Mum Supports Birth Trauma Awareness Day To Stop Others Suffering

Birth Trauma Awareness Day

21.08.2010

21/08/2010

A distraught mum whose baby died after medical staff failed to spot that her unborn son was in distress has today said she will continue to raise awareness of birth trauma to prevent others suffering as she did.

Johanne Rees suffered the worst possible birth trauma when her much longed for baby son died shortly after being born. Johanne (now 49) from Penarth and her partner Krishna Govekar, were left completely devastated by the death of their only son, Arun, in November 2005.

Despite being flagged by the hospital as a high risk pregnancy in need of special care, midwives at the University Hospital of Wales failed to spot that Johanne Rees’ unborn baby was in distress, whilst a doctor even claimed that she was not in labour at all, but simply needed the toilet.

In the early hours of November 19th 2005 at 32 weeks’ pregnancy, Johanne Rees was admitted to UHW’s maternity unit with severe abdominal pains.

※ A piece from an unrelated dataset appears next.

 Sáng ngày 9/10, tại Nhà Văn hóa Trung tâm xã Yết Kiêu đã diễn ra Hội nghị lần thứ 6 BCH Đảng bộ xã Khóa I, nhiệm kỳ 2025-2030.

Johanne, who was then aged 44, had been under the special care of the hospital’s Foetal Medicine Unit for the duration of her pregnancy due to the fact her waters had broken early at 18 weeks.

However, for more than two hours, midwives failed to properly monitor Johanne’s labour and did not spot that CTG heart readings were clearly showing that her baby was in distress.

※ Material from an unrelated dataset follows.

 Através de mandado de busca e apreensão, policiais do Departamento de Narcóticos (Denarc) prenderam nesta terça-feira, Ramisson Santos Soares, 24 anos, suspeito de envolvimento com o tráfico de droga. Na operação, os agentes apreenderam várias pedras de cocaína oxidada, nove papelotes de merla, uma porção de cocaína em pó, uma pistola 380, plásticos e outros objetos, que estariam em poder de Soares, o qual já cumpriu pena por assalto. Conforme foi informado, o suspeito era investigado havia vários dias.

Johanne says: “I just couldn’t understand why they weren’t doing anything to help me and my baby. At my last antenatal visit I was told my baby was breech and I would need a caesarean section. It was a ‘no brainer’ – I knew my baby needed to be delivered urgently.

“I was screaming in agony and begging the midwives to get my baby out but they just left me.  I couldn’t believe it when a doctor arrived and said I wasn’t ready to deliver but had probably eaten something that had disagreed with me and to try going to the toilet instead!”

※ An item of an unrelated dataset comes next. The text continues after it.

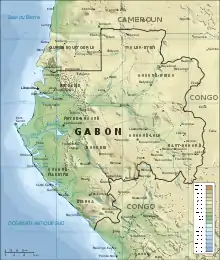 کشور گابن در غرب آفریقای مرکزی، که در کنار خلیج گینه و در سواحل شرقی اقیانوس اطلس قرار گرفته است و دارای ۹ استان میباشد:

It was only after Johanne was reviewed by a second doctor an hour and a half later that the decision was taken to perform an emergency caesarean. Baby Arun Rees Govekar was born at 03.42 on 19th November 2005 and was immediately rushed to the Special Care Baby Unit. 

Krishna, who had flown back from his home in Goa to be by his partner’s side as soon as he learned that Johanne had given birth, arrived at the hospital to be told the devastating news that Arun was effectively brain dead and that only a life support machine was keeping him alive.

The couple made the heartbreaking decision to switch off ten day old baby Arun’s life support on 29th November 2005.

Cardiff & Vale NHS Trust initially denied any wrongdoing but following legal action by medical law firm Irwin Mitchell, the Trust admitted liability for the errors and made an out of court settlement to the couple.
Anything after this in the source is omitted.